= Beginning of Section =

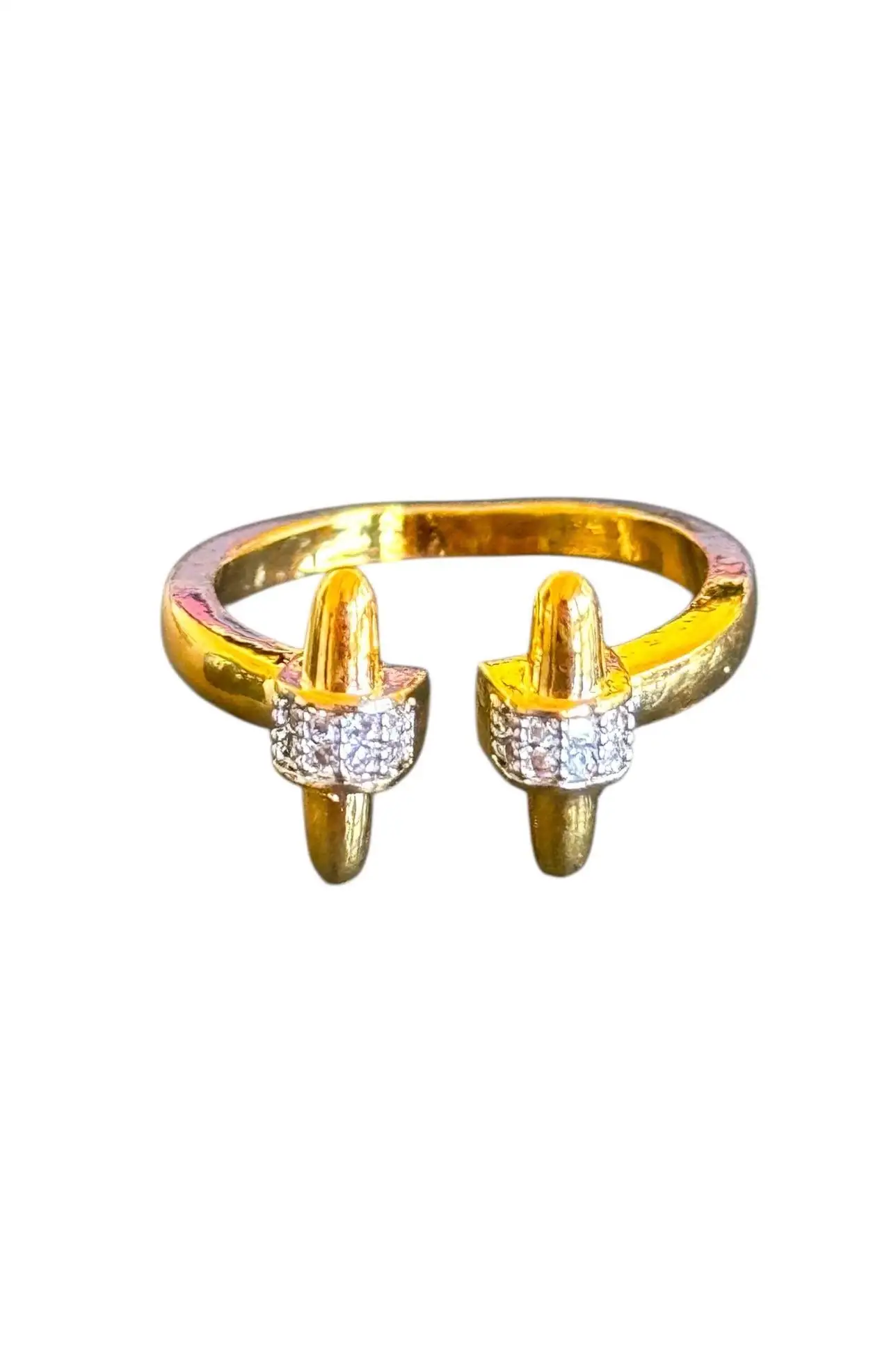 Altın Renk Taş Detaylı Ayarlanabilir Çelik Yüzük
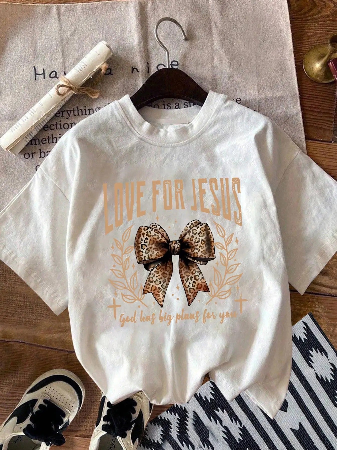 Women's Leopard Graphic Print Round Neck Tee, Fashion Casual Drop Shoulder Short Sleeve T-shirt, Ladies Spring & Fall Clothes for Daily Wear
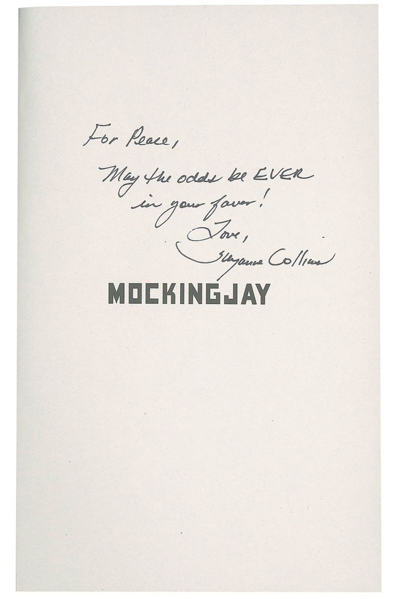 Signed book: Mockingjay. First edition, later printing. NY: Scholastic Press, 2010. Hardcover with dustjacket, 6 x 8.5, 390 pages. Signed in-person on the half-title page in black felt tip, “For Peace, May the odds be ever in your favor! Suzanne Collins.” In fine condition, with a couple of creases to the front flap of the dustjacket.
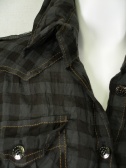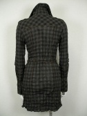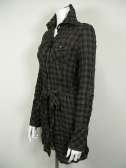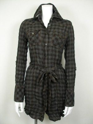 シワ加工のロング丈シャツ。ブロックチェックと渋めの色が秋らしい。袖はロールアップして留められます。衿にはワイヤー入り。
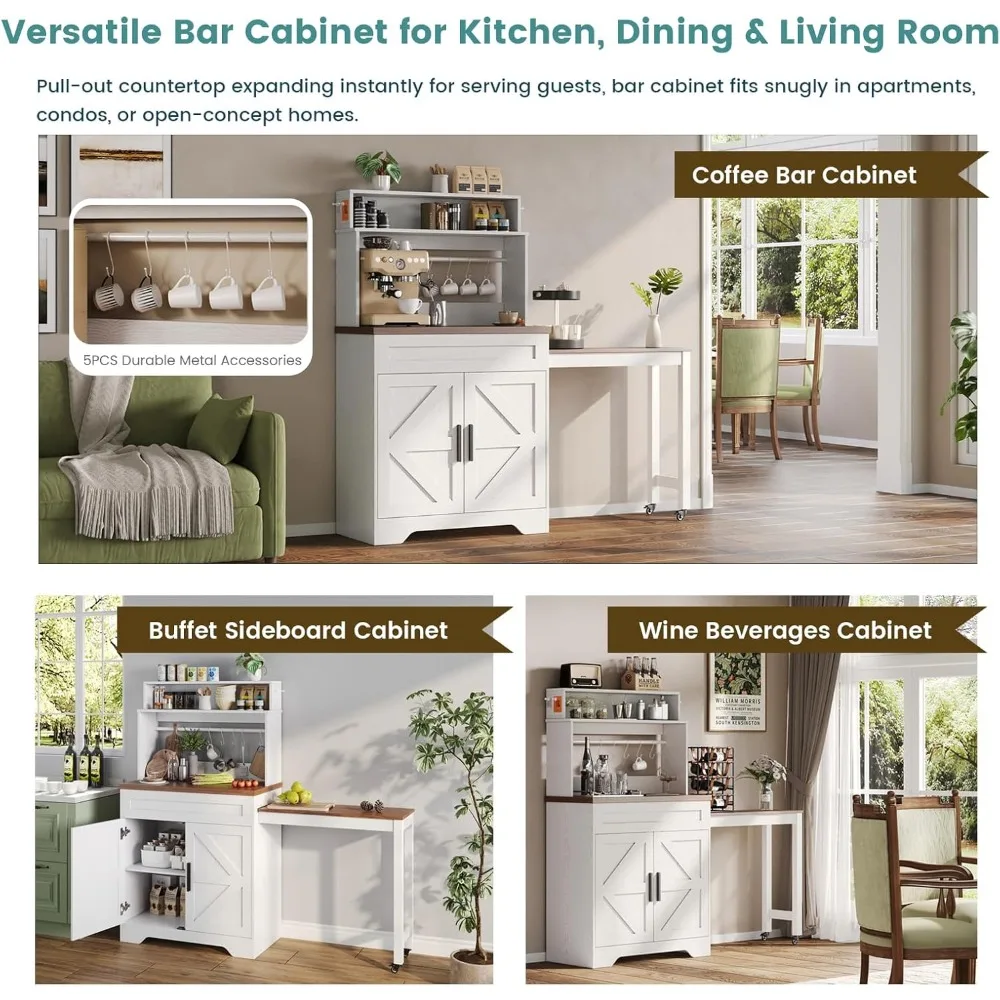 - Extendable Bar Table with Wheels: The coffee bars features the extendable table( added extra length of 25.6 inches) with silent wheels for your convenience. The pull-out countertop expands instantly for serving guests, and the bar cabinet fits snugly in apartments, condos, or open-concept homes
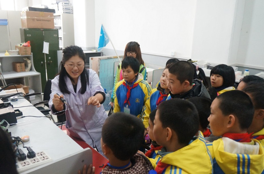 大学生科技创新开放实验室,实验中心千承辉老师在这里热情地接待了这些孩子们,带领他们参观了各式各样的实验仪器,并亲自为大家进行演示,同学们认真聆听、跃跃欲试,从孩子们清澈明亮的眼睛里我们看到了他们对科学知识的渴求和对大学生活的向往。
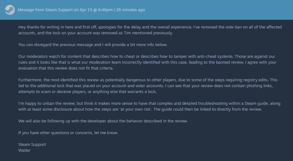Некоторые пользователи получили бан в Steam. По какой-то причине им запретили голосовать за обзоры других пользователей и публиковать свои.
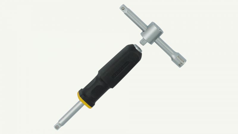 The ratchet - the key item. Made from CrV steel in one single piece. Hardened and with perfect toothing: several of the 72 teeth engage simultaneously for transmitting extremely high torque. Quick release mechanism: releasing sockets at the push of the button.
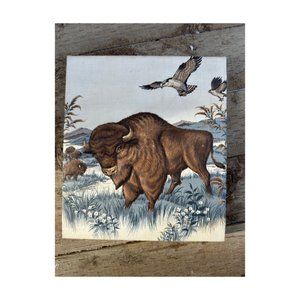 Bison 3D Picture Wall Decor Fabric on Wood Prairies Hawk
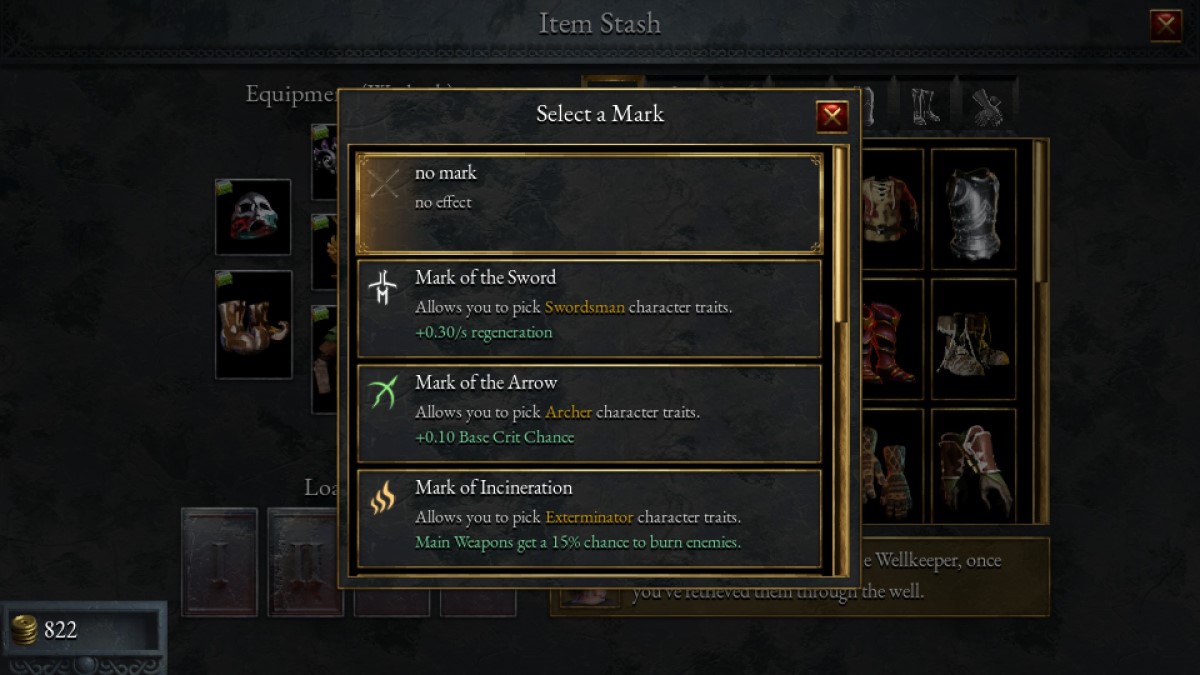 Once you’ve unlocked some Marks, you can start to use them in your runs. All nine Marks give you two things: a passive buff, and access to a new suite of Traits. For example, the Mark of the Sword, the Mark associated with the Swordsman, grants you +0.30/s health regeneration, as well as access to Swordsman character Traits. The latter point can be confusing, so to clarify, it means you’ll be able to choose two additional options for the Weapon Proficiency, Proficient Stance, and Dedication Traits.

= End of Section =

Give the listing again word for word, without its images.

 Altın Renk Taş Detaylı Ayarlanabilir Çelik Yüzük
 Women's Leopard Graphic Print Round Neck Tee, Fashion Casual Drop Shoulder Short Sleeve T-shirt, Ladies Spring & Fall Clothes for Daily Wear
 Signed book: Mockingjay. First edition, later printing. NY: Scholastic Press, 2010. Hardcover with dustjacket, 6 x 8.5, 390 pages. Signed in-person on the half-title page in black felt tip, “For Peace, May the odds be ever in your favor! Suzanne Collins.” In fine condition, with a couple of creases to the front flap of the dustjacket.
 シワ加工のロング丈シャツ。ブロックチェックと渋めの色が秋らしい。袖はロールアップして留められます。衿にはワイヤー入り。
 - Extendable Bar Table with Wheels: The coffee bars features the extendable table( added extra length of 25.6 inches) with silent wheels for your convenience. The pull-out countertop expands instantly for serving guests, and the bar cabinet fits snugly in apartments, condos, or open-concept homes
 大学生科技创新开放实验室,实验中心千承辉老师在这里热情地接待了这些孩子们,带领他们参观了各式各样的实验仪器,并亲自为大家进行演示,同学们认真聆听、跃跃欲试,从孩子们清澈明亮的眼睛里我们看到了他们对科学知识的渴求和对大学生活的向往。
Некоторые пользователи получили бан в Steam. По какой-то причине им запретили голосовать за обзоры других пользователей и публиковать свои.
 The ratchet - the key item. Made from CrV steel in one single piece. Hardened and with perfect toothing: several of the 72 teeth engage simultaneously for transmitting extremely high torque. Quick release mechanism: releasing sockets at the push of the button.
 Bison 3D Picture Wall Decor Fabric on Wood Prairies Hawk
 Once you’ve unlocked some Marks, you can start to use them in your runs. All nine Marks give you two things: a passive buff, and access to a new suite of Traits. For example, the Mark of the Sword, the Mark associated with the Swordsman, grants you +0.30/s health regeneration, as well as access to Swordsman character Traits. The latter point can be confusing, so to clarify, it means you’ll be able to choose two additional options for the Weapon Proficiency, Proficient Stance, and Dedication Traits.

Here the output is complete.